WHAT YOU ARE ASKED TO DO |
Please repeat word for word the line containing "Chefs Russ Fox" and every following line up to and including the last one below, pictures excluded.

═══ DATA EXTRACT

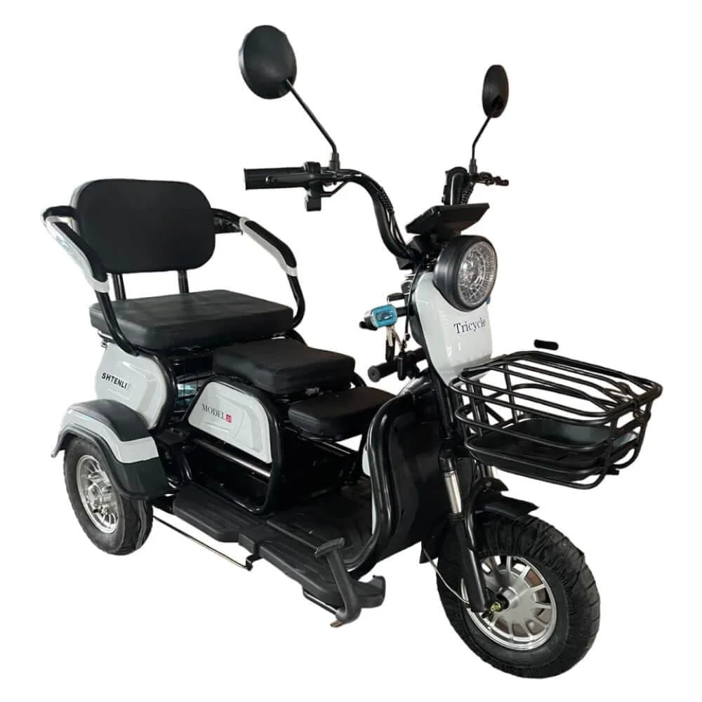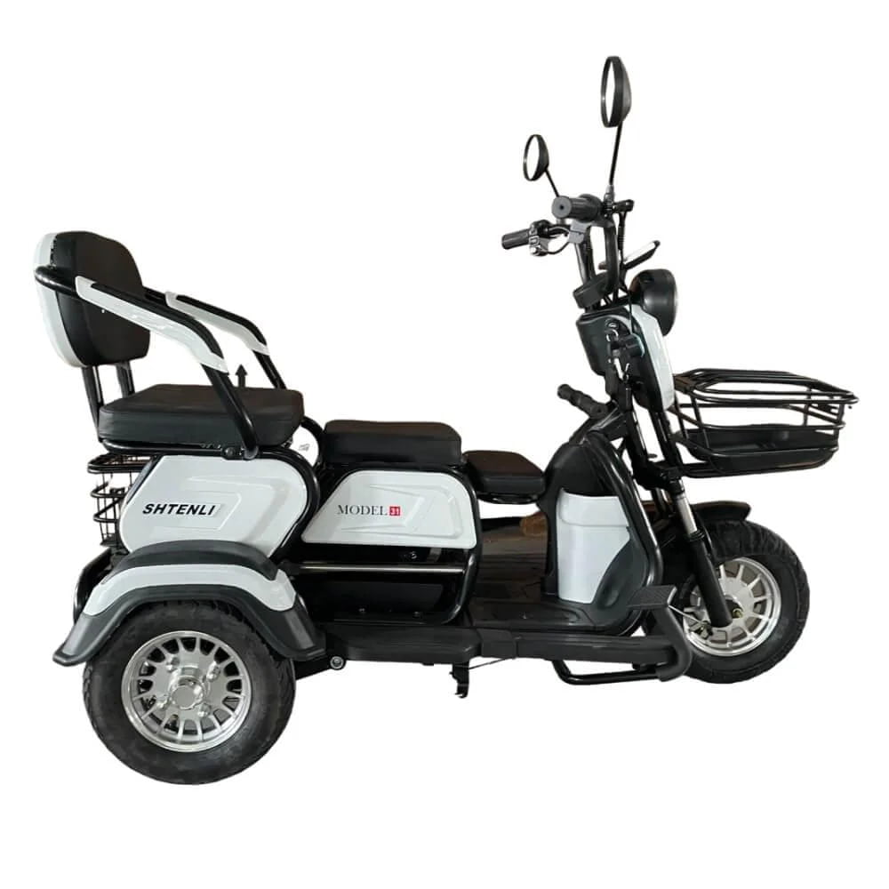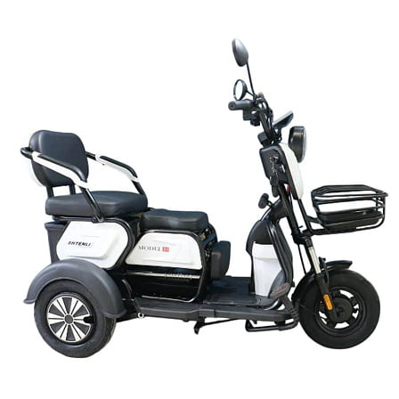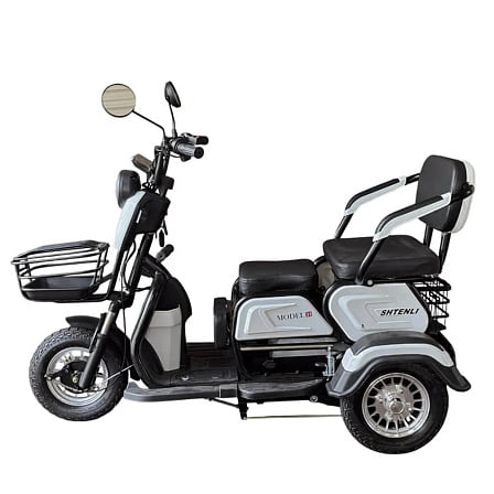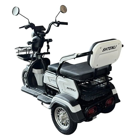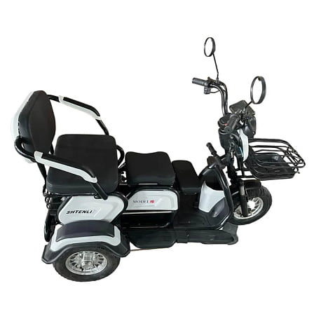 Трехколесный электроскутер Shtenli Model 31 SLA - это трехместный электроскутер трицикл с аккумулятором 48v20Аh и мощным мотором на 750W. Его дальность пробега до 40 км.
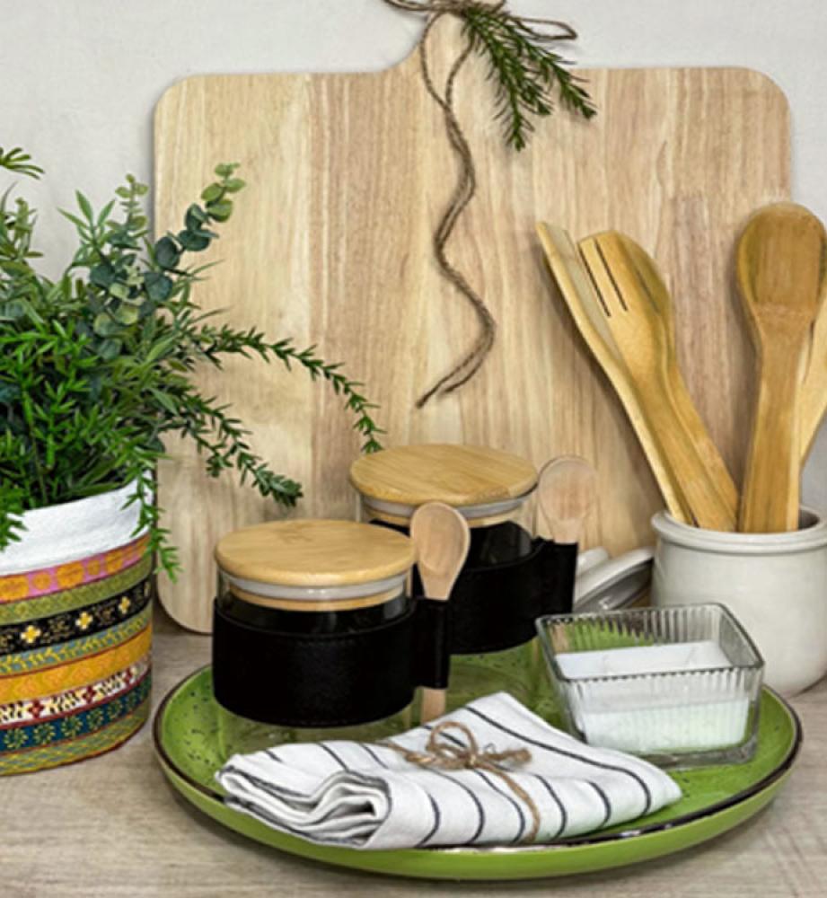 المرطبان الزجاجي يضفي لمسة عصرية على المجموعة. الغطاء الخشبي المغلف بالجلد الأسود يضيف عنصر ملمس متميز. الملعقة الخشبية تكمل المظهر الطبيعي للمجموعة.
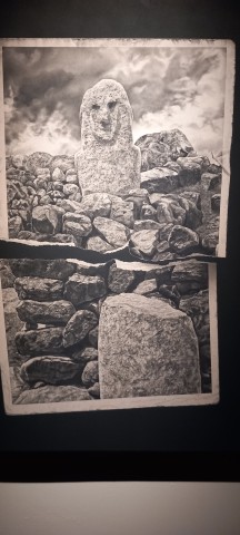 obscur. Les figures émergent de zones sombres, les volumes se construisent par contraste et par effacement, la lumière plus douce ne sert pas à révéler une vérité mais accompagne une perception incertaine parfois fragmentée, des formes et des espaces. « L’artiste ne documente pas : il travaille à partir d’images existantes, paysages, figures et motifs issus notamment de cartes postales qu’il reprend, déplace et réagence. Le Dessin n’est pas ici un espace de reproduction mais de construction d’un récit où des éléments reconnaissables coexistent sans jamais s’ajuster pleinement. La présence du minéral, montagne, roches ou ruines structure l’ensemble dans lequel les figures humaines s’inscrivent difficilement, fragiles, de passage, souvent isolées, en tension, elles semblent moins agir qu’endurer.» explique Jean-Joseph Renucci. Cette relation à la matière engage le Dessin lui-même. L’artiste applique la pierre noire broyée sur du carton gris, un rapport allégorique au minéral.
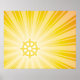 La Roue du Dharma est l'un des symboles universels du bouddhisme, représentant les enseignements collectifs de Bouddha, connu sous le nom de dharma. Chaque rayon dans la roue représente une étape sur le Noble huit chemin. Cette affiche est conçue comme une simple affiche méditative du bouddhisme avec la roue du Dharma entourée de rayons lumineux d'énergie. Relaxez-vous et soyez attentifs !
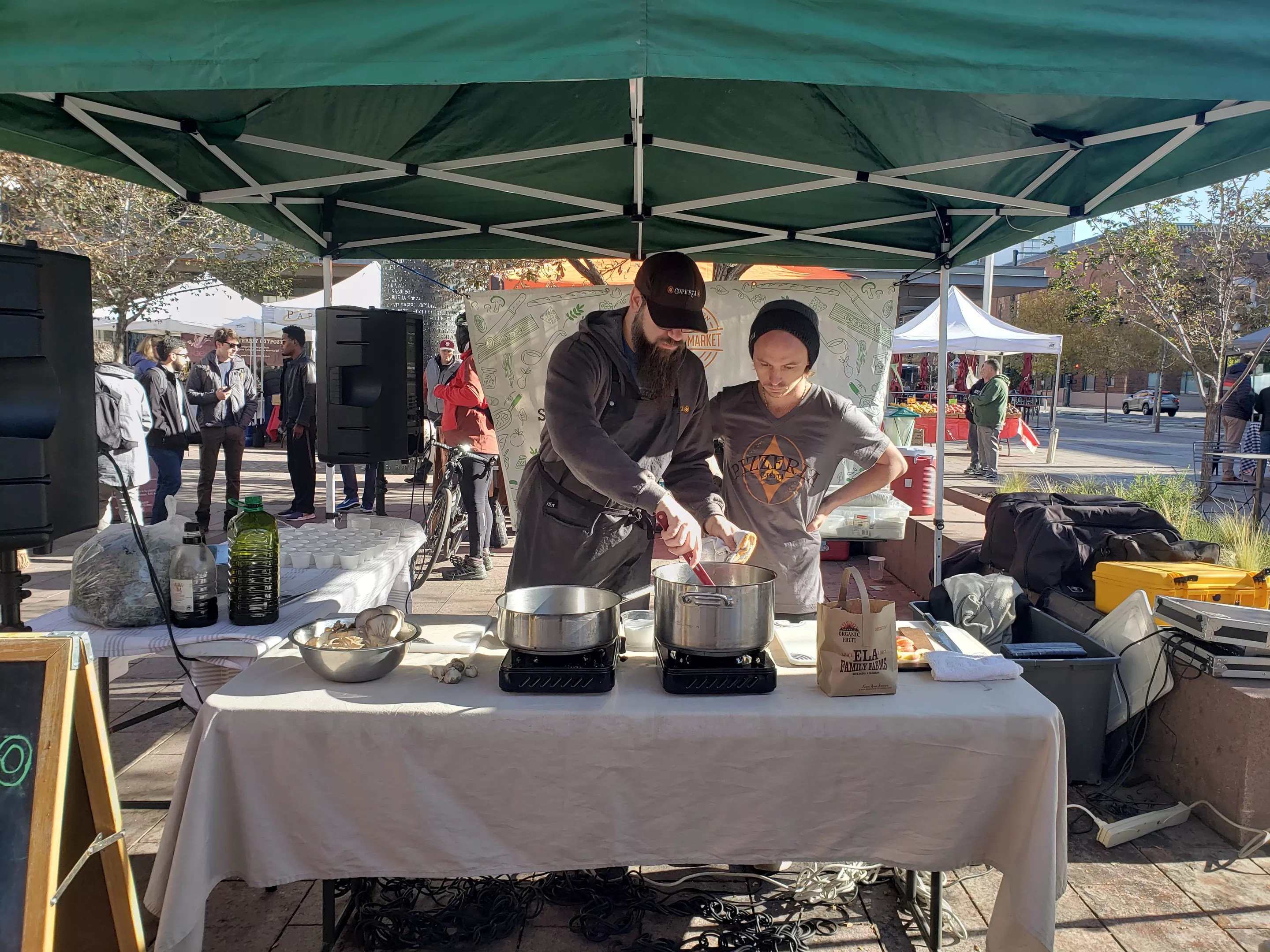 Chefs Russ Fox and Kenny Minton of Coperta and Pizzeria Coperta, respectively, at the Union Station Farmers’ Market.
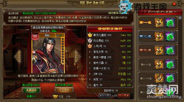 限时神将活动是游戏新推出的抽将活动。在活动期间,主公每天可以免费抽将1次。抽将之后会获得随机一个武将,如果运气好的话,也有可能获得吕布之类的超级神将。除了免费抽将之外,主公还可以使用元宝来抽将。免费抽将和元宝抽将都可以获得一定积分,当积分的数量达到一定的数值时,主公可额外得到1次免费抽将机会。
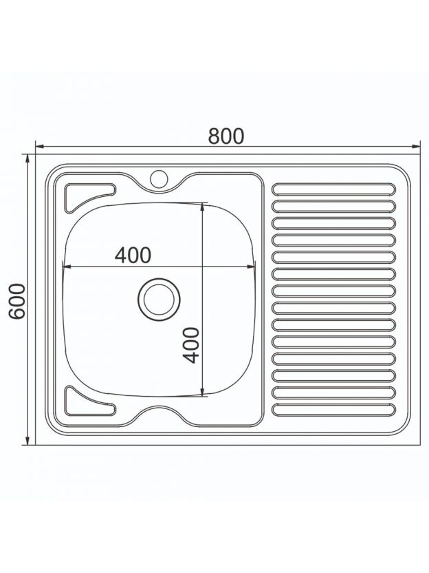Размер — 800х600 мм, материал — нержавеющая сталь, толщина — 0.6 мм, форма — прямоугольная, крыло — справа, 1 чаша, 1 отверстие под смеситель.

══════

ANSWER FOR THE TASK |
 Chefs Russ Fox and Kenny Minton of Coperta and Pizzeria Coperta, respectively, at the Union Station Farmers’ Market.
 限时神将活动是游戏新推出的抽将活动。在活动期间,主公每天可以免费抽将1次。抽将之后会获得随机一个武将,如果运气好的话,也有可能获得吕布之类的超级神将。除了免费抽将之外,主公还可以使用元宝来抽将。免费抽将和元宝抽将都可以获得一定积分,当积分的数量达到一定的数值时,主公可额外得到1次免费抽将机会。
Размер — 800х600 мм, материал — нержавеющая сталь, толщина — 0.6 мм, форма — прямоугольная, крыло — справа, 1 чаша, 1 отверстие под смеситель.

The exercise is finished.